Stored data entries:

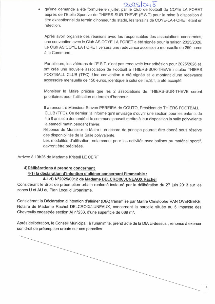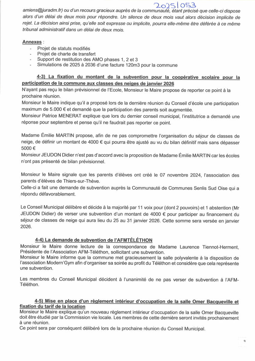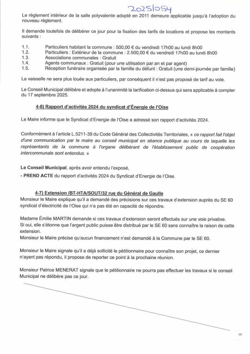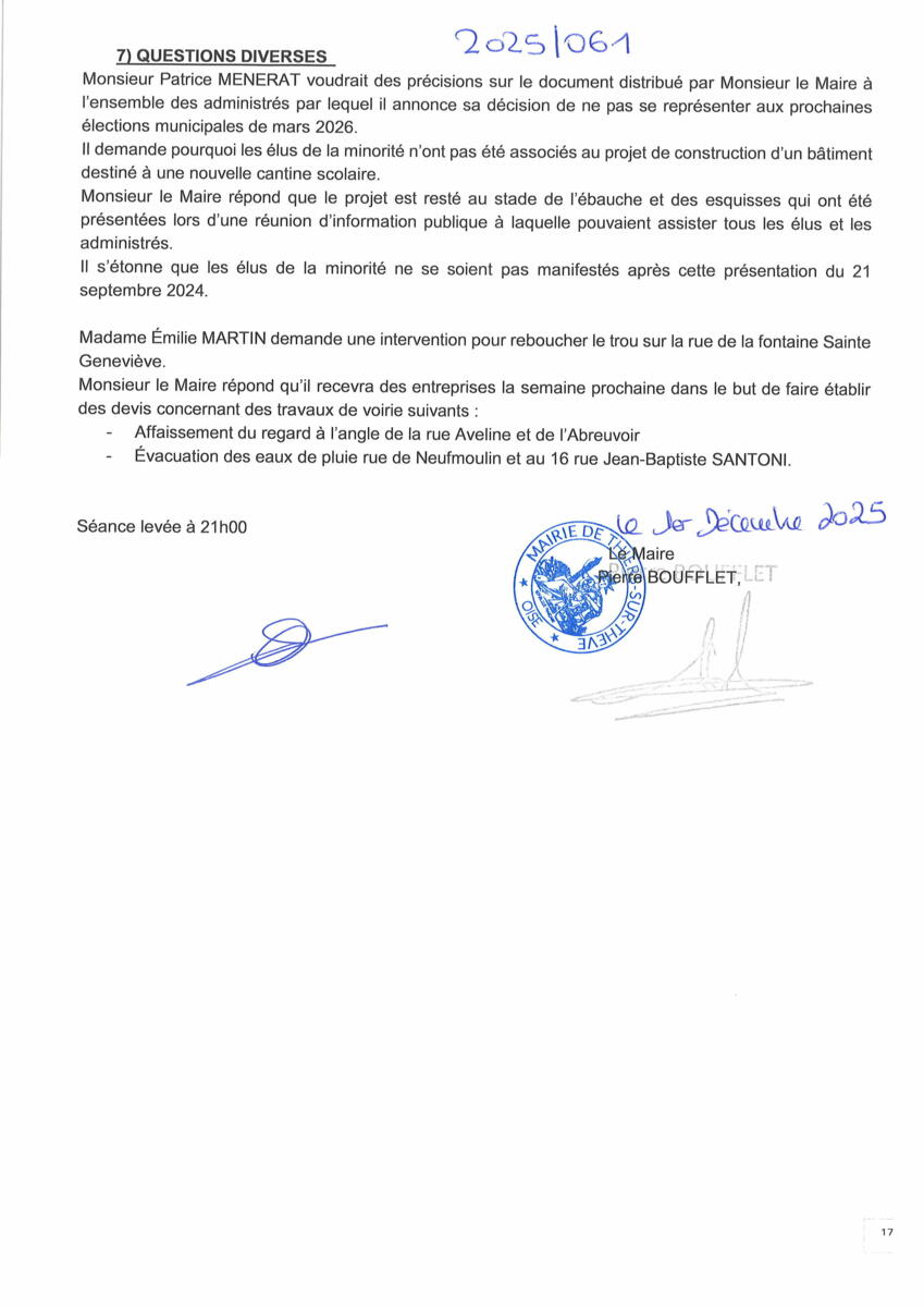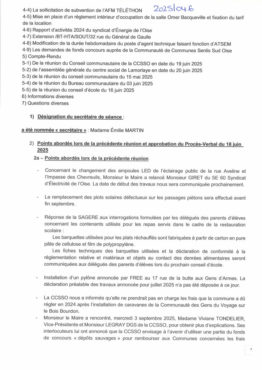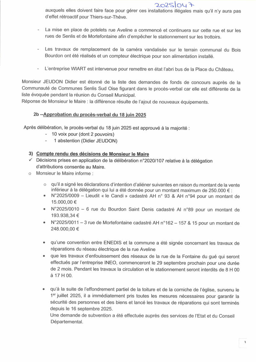 Vous trouverez ci-dessous le procès-verbal du conseil municipal du 17 septembre 2025.
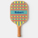 Add a touch of fun and whimsy to your Pickleball Paddle, with this wild plaid design. The vertical stripes are a bold yellow, white and blue. The horizontal lines are orange and green. On the front of the paddle there is an area for you to personalise your paddle. These paddles are approved for use by USA Pickleball (formerly USAPA). They are printed with my original patterns and designs; almost all can be customised. You can choose your grip colour, black, white or tan. For an additional cost you can purchase a protective cover and an outdoor Pickleball Ball.
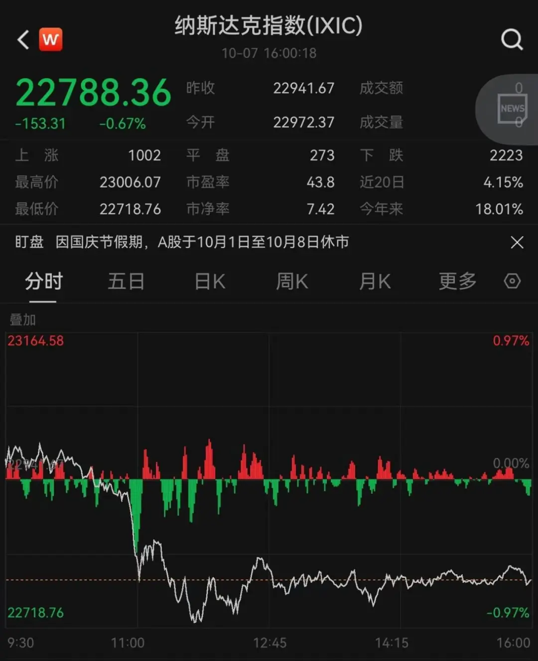 美东10月7日(周二),美股三大指数开盘后不久,开始快速下跌。
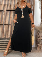 فستان ماكسي بمقاسات كبيرة من إيمري روز، مكشوف الكتفين، بأكمام قصيرة وجيب جانبي وفتحة جانبية
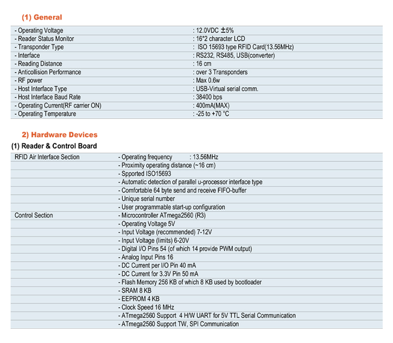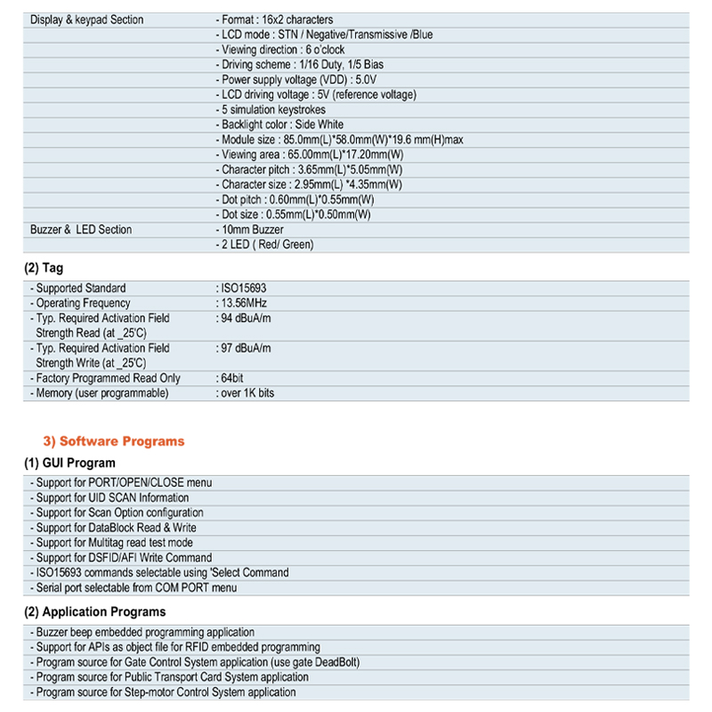 • It is configured to be compatible with Arduino. User can control RFID reader, LCD, LED, and Buzzer under Arduino board environment or by connecting directly to PC.
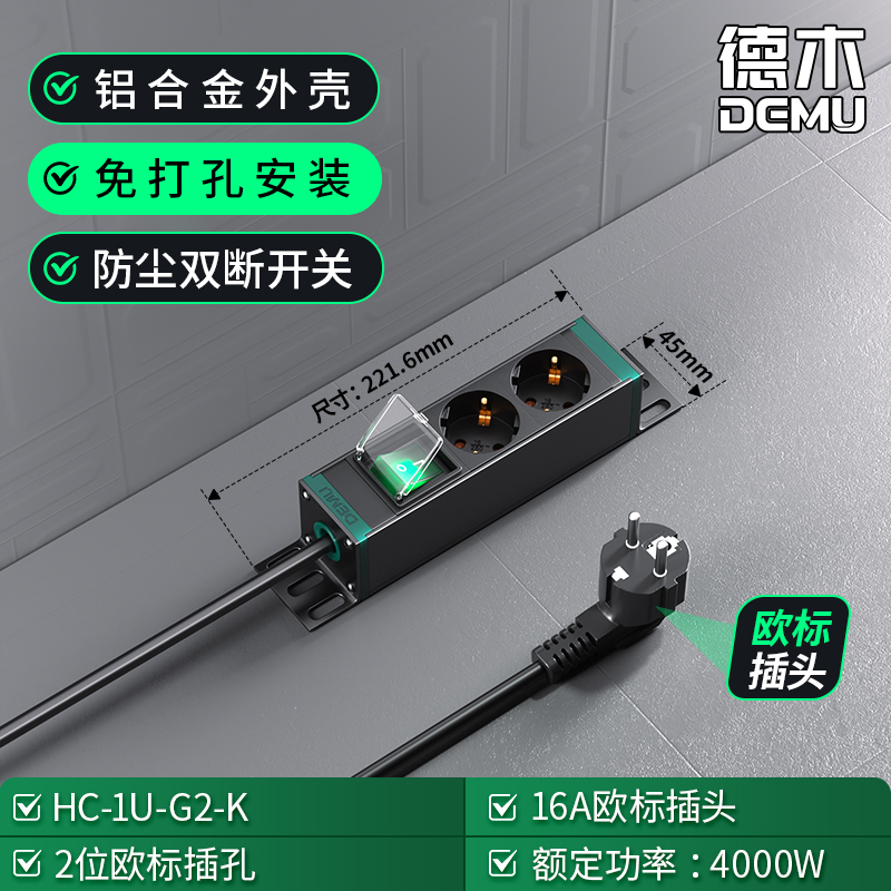 绿色封板绿色开关,1U非标尺寸:250V 16A输入,2位16A欧标孔输出,1位绿色双断开关(带盖),1.5平2米线+欧标插头
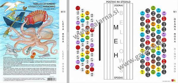Vsak, ki bo prijel tabelico v roke, se bo spraševal, kako je doslej sploh lahko shajal brez tega tako enostavnega in obenem koristnega pripomočka. Če bodo otroci tabelico postavili na notno stojalo tako, da vidijo tudi hobotnico, ki igra na harmoniko, jim bo pri igranju hitro jasno, kateri gumbi in basi so drug ob drugem in kateri so višje ali nižje.
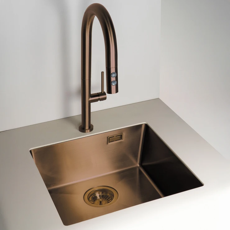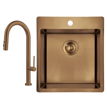 Sæt med stålvask og køkkenarmatur med udtrækkelig spray er en praktisk og stilfuld løsning til det moderne køkken. Vasken i rustfrit stål er slidstærk og let at rengøre, mens armaturet med udtrækkelig tud giver maksimal fleksibilitet ved opvask og skylning. Fås i farverne Børstet stål, Guld, Titanium og Bronze, hvilket gør det nemt at matche med både minimalistiske og eksklusive køkkenmiljøer.
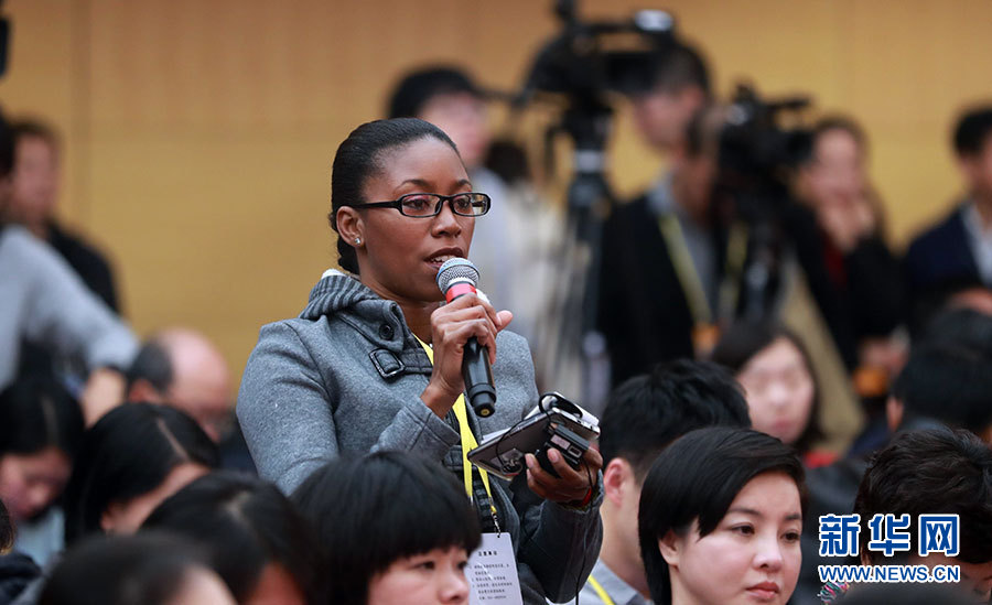 ??? 10月20日,十九大新聞中心舉行記者會,邀請中宣部、中央文明辦、文化部、新聞出版廣電總局相關負責人介紹加強思想道德和文化建設情況,并回答記者提問。圖為古巴拉美通訊社記者提問記者提問。新華網 郝廣鵬 攝
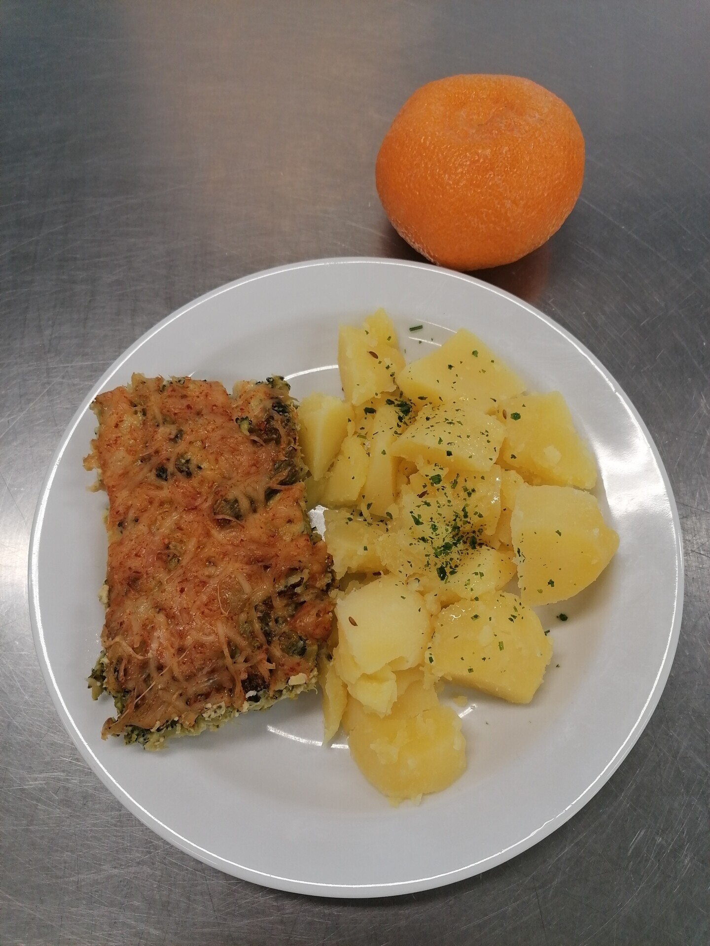 Zapečená brokolice se sýrem, vařený brambor
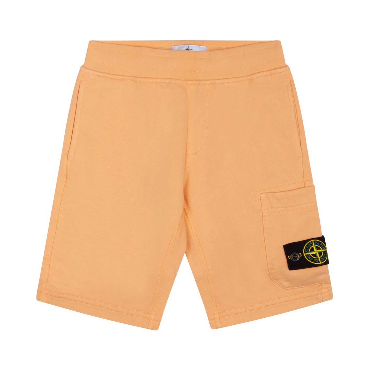 Stone Island Junior Light Orange Shorts. Cotton shorts, elasticated waistband, two side slit pockets, side cargo pocket with signature detachable Compass badge. Rear welt pocket
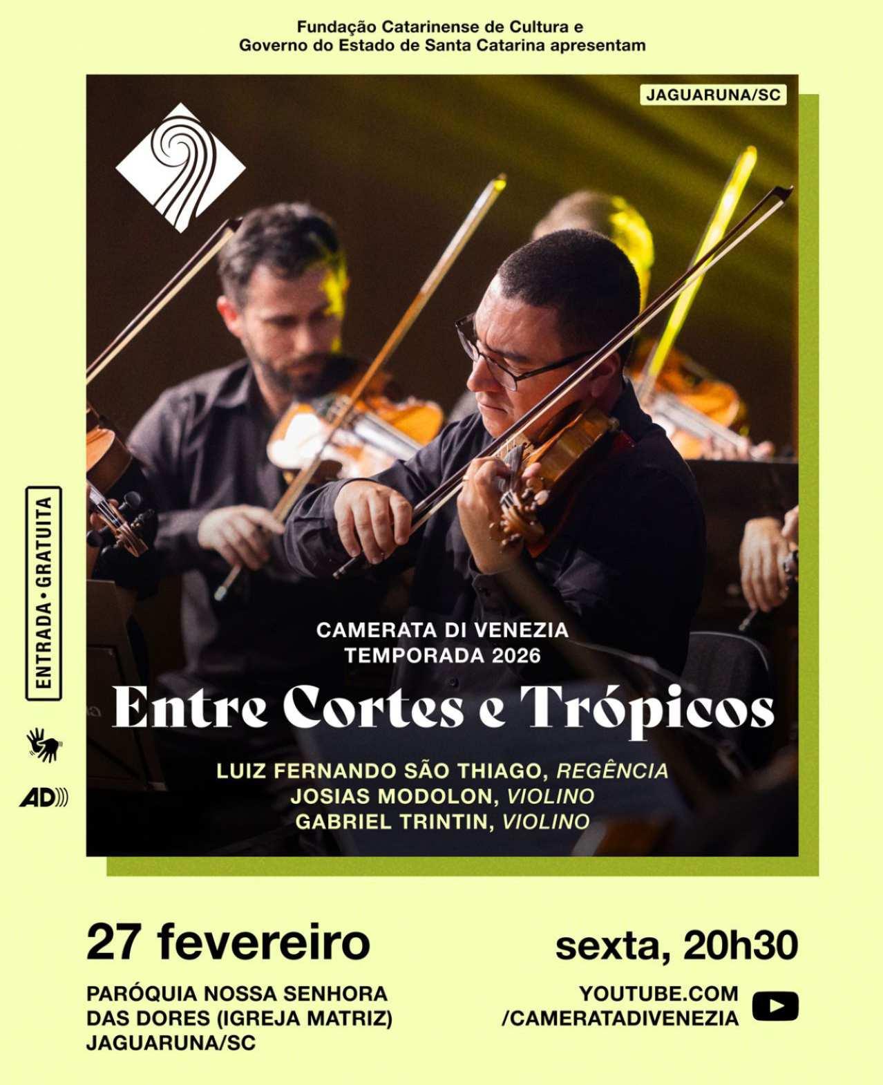 Aorquestra Camerata di Venezia realiza, no dia 27 de fevereiro (sexta-feira), às 20h30, o concerto “Entre Cortes e Trópicos”, na Paróquia Nossa Senhora das Dores, em Jaguaruna. A apresentação marca a abertura da Temporada 2026 na região e terá entrada gratuita, além de transmissão ao vivo pelo canal oficial da orquestra no YouTube.

INSTRUCTIONS TO FOLLOW — Output exactly the lines above, from the line with "Add a touch" to the line with "Sæt med stålvask", both included; skip the pictures.

SOLUTION FOR THIS PROBLEM —
 Add a touch of fun and whimsy to your Pickleball Paddle, with this wild plaid design. The vertical stripes are a bold yellow, white and blue. The horizontal lines are orange and green. On the front of the paddle there is an area for you to personalise your paddle. These paddles are approved for use by USA Pickleball (formerly USAPA). They are printed with my original patterns and designs; almost all can be customised. You can choose your grip colour, black, white or tan. For an additional cost you can purchase a protective cover and an outdoor Pickleball Ball.
 美东10月7日(周二),美股三大指数开盘后不久,开始快速下跌。
 فستان ماكسي بمقاسات كبيرة من إيمري روز، مكشوف الكتفين، بأكمام قصيرة وجيب جانبي وفتحة جانبية
 • It is configured to be compatible with Arduino. User can control RFID reader, LCD, LED, and Buzzer under Arduino board environment or by connecting directly to PC.
 绿色封板绿色开关,1U非标尺寸:250V 16A输入,2位16A欧标孔输出,1位绿色双断开关(带盖),1.5平2米线+欧标插头
Vsak, ki bo prijel tabelico v roke, se bo spraševal, kako je doslej sploh lahko shajal brez tega tako enostavnega in obenem koristnega pripomočka. Če bodo otroci tabelico postavili na notno stojalo tako, da vidijo tudi hobotnico, ki igra na harmoniko, jim bo pri igranju hitro jasno, kateri gumbi in basi so drug ob drugem in kateri so višje ali nižje.
 Sæt med stålvask og køkkenarmatur med udtrækkelig spray er en praktisk og stilfuld løsning til det moderne køkken. Vasken i rustfrit stål er slidstærk og let at rengøre, mens armaturet med udtrækkelig tud giver maksimal fleksibilitet ved opvask og skylning. Fås i farverne Børstet stål, Guld, Titanium og Bronze, hvilket gør det nemt at matche med både minimalistiske og eksklusive køkkenmiljøer.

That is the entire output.